The spell is broken 
                  by the finale of Lutoslawski’s Symphony 1 in a wonderfully bracing 
                  performance from the Polish National Radio Symphony Orchestra/Antoni 
                  Wit. This is a Haydn finale in 20th century dress, 
                  toying with melody which never quite arrives, glorying in its 
                  clownish raucousness yet with an almost continually contrasting 
                  lightness. I sought out the rest of the work: it’s fascinatingly 
                  variegated.
                
And then it’s back 
                  to Haydn, the close of his Farewell symphony (tr. 11). 
                  To point out to Prince Esterhazy that his musicians were overdue 
                  a holiday the Presto finale breaks off into an Adagio 
                  in which the orchestra is gradually depleted to 2 violins.

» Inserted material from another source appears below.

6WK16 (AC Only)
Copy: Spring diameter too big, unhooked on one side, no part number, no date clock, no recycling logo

The 
                  Presto seems more tetchy edited 2:15 in, already with 
                  a head of steam, making a greater contrast with the Adagio 
                  (0:49) looking forward to happier days in an alert, pleasingly 
                  rounded glowing performance by Capella Istropolitana/Barry Wordsworth.
                
Andrew Huth’s very 
                  accessible 95 page essay provides an excellent digest of the 
                  development of the symphony, charting what makes its key composers 
                  distinctive and why others are less so. A template emerges of 
                  the musical characteristics of an effective symphony irrespective 
                  of period but there’s also attention to the cultural, social 
                  and political conditions which affect its success and thereby 
                  influence. The strengths and weaknesses of the 20th 
                  century English symphony are tersely revealed, though I feel 
                  Bliss’s A Colour Symphony is worth a mention. Huth also 
                  accounts for embarrassment at not including any female composers. 

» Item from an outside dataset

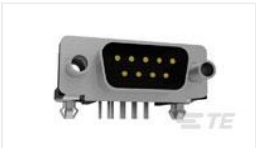
TE Part #5747844-6 09 MSFL RCPT RA 318 (SL,FM,BL)
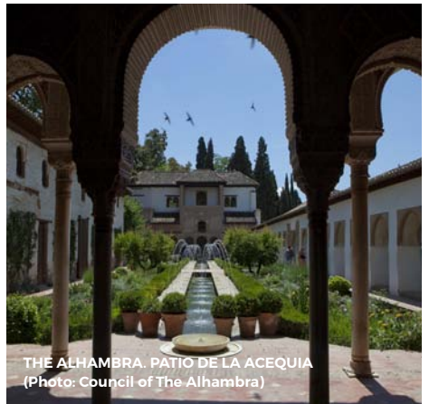
THE ALHAMBRA. PATIO DE LA ACEQUIA

                  Well, British Alice Mary Smith’s Victorian symphonies (Chandos 
                  CHAN 10283) are little known yet their Mendelssohnian grasp 
                  of the dramatic impulse within a strong formal framework is 
                  attractive. As the most prolific female symphonist ever, the 
                  present day American Gloria Coates might surely have been mentioned 
                  (eg. Naxos 8.559289).
                
              
In the CD examples 
                more discipline, having just one movement per composer apart from 
                the short complete Sammartini symphony, would have allowed space 
                for at least 3 more composers. I’d opt for Schumann, Dvorak and 
                Tchaikovsky. A 41 page timeline from 1730 to 2007 parallels the 
                development of the symphony with history, science and technology, 
                art and architecture and literature. This is thought provoking 
                but for later than the discovery stage. I’d like to have seen 
                assistance to the explorer where to go next, for instance if you 
                like the Lutoslawski. There are no suggestions for further listening 
                nor reading. A section charting the growth of the orchestra could 
                have been better matched with examples of works actually featured 
                on the CDs. But there is a helpful 6 page glossary. This, then, 
                is a recommendable overview but a little fine tuning would have 
                further enhanced its educational value.